David Charles was a whistle blower about wrongful claims conduct long before yesterday’s post, Churn and Burn Adjusting—An Admission From An Independent Adjuster. In a 2014 post, National Flood Claims Do Not Get Paid Properly Because the Only Incentive is to Underpay, I noted that David Charles described a method of claims adjustment – running and gunning – which is very similar to the one posted yesterday about “churn and burn” adjusting:

In reality, the field adjuster has an incentive to adjust as many individual claims as possible but not overpay any individual claim for fear of having to pay any overpayment out of his own pocket. Catastrophe claims adjuster David Charles calls this practice “running and gunning.” For example, rather than accurately estimating one or two losses in a day which may total $200,000, a FEMA percentage paid field adjuster will estimate 8 claims a day for a total of $1,000,000. So long as none of the individual estimates are overestimated, which results in a back payment to FEMA, the field adjuster has the financial incentive to estimate as much possible in total rather than as accurately as possible. If any of the estimates are found later by FEMA to result in an overpayment, the field adjuster may contractually pay out a lot more money from his own pocket than what he may have made in an entire catastrophe. So, “running and gunning” results in massive amounts of underpaid claims because the field adjuster is financially rewarded for that and has a penalty only if he overestimates a loss. WYO insurance attorneys intentionally fail to mention this reality in their speeches about the flood insurance claims process.

The WYO carrier gets paid its small administrative percentage based upon the gross amount paid.
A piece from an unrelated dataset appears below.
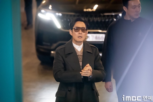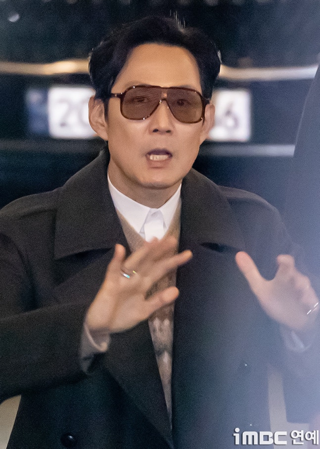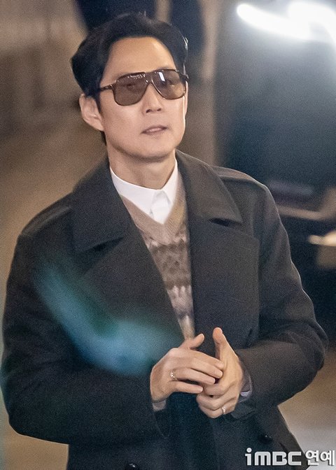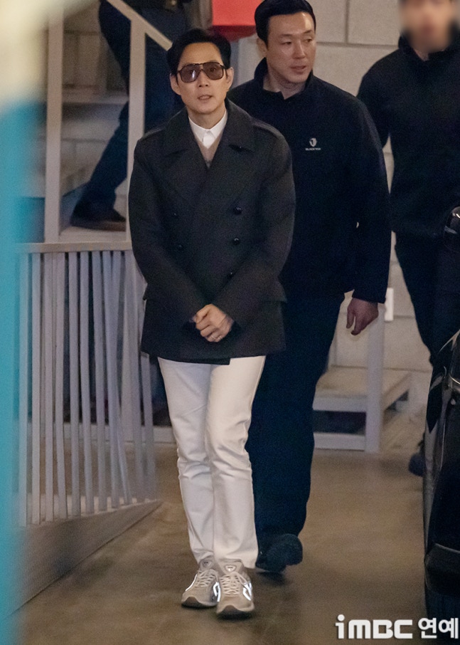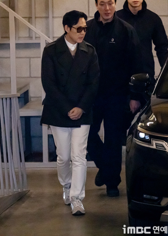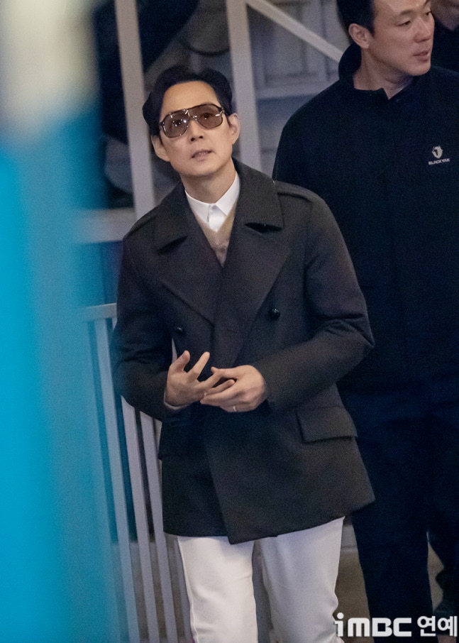 이정재는 출근길을 비롯해 퇴근길 역시 보잉 선글라스에 검정 반코트. 화이트 셔츠와 색맞춤 팬츠. 따뜻한 이너 니트에 편안한 운동화를 매치했다.

It does not have to pay for the WYO attorney’s fees and costs if litigation results from a denial or underpayment. There is no financial penalty to the WYO carrier for underpaying a claim. There is no penalty for providing bad service to the policyholder. The only penalty is the one that the WYO attorneys warn the WYO carrier about—overpayment.

So, when there is a call for the WYO carrier to re-adjust a claim or spend any additional time on a wrongfully adjusted claim, there is no economic incentive for it to do so. There is no penalty for poor adjustment.

Charles testified in front of Congress about these abuses in the Super Storm Sandy claims. I have noted his concern about the change of ethics regarding insurance catastrophe claims:

Your blog is required reading in my world. Before I became a public adjuster, I was very proud of being a General Adjuster. I worked for 30 years for the insurance companies, and I was proud of our profession.

After Katrina, things changed. I represented Citizens of Florida in several hundred commercial appraisals, and I was broken hearted to see the abuses. The guys I ran with paid their claims.It was a cold slap in the face to see how badly Citizens treated their policyholders, and I switched sides at 55 years old, burning all my bridges behind me.

Before that, as a hobby, and to scratch my writers itch, I was a columnist for a baseball website. They knew I was a disaster relief guy, and they asked me to blog about my experience as I headed in to ground zero on Katrina.

Not all company adjusters and IA’s are evil. Many are good people who do the best they can to help everyone they meet. All of my friends in the business were in that category. Sadly, it’s very rare today.

There are many ethical adjusters for insurance companies and many claims professionals that are looking for ways to pay everything owed under the policy. But if what I am being told is true, there is also a lot of unethical gamesmanship by insurers who are inherently causing the problems complained of by my clients following major disasters.

Thought For The Day

There is not adequate whistleblower protection.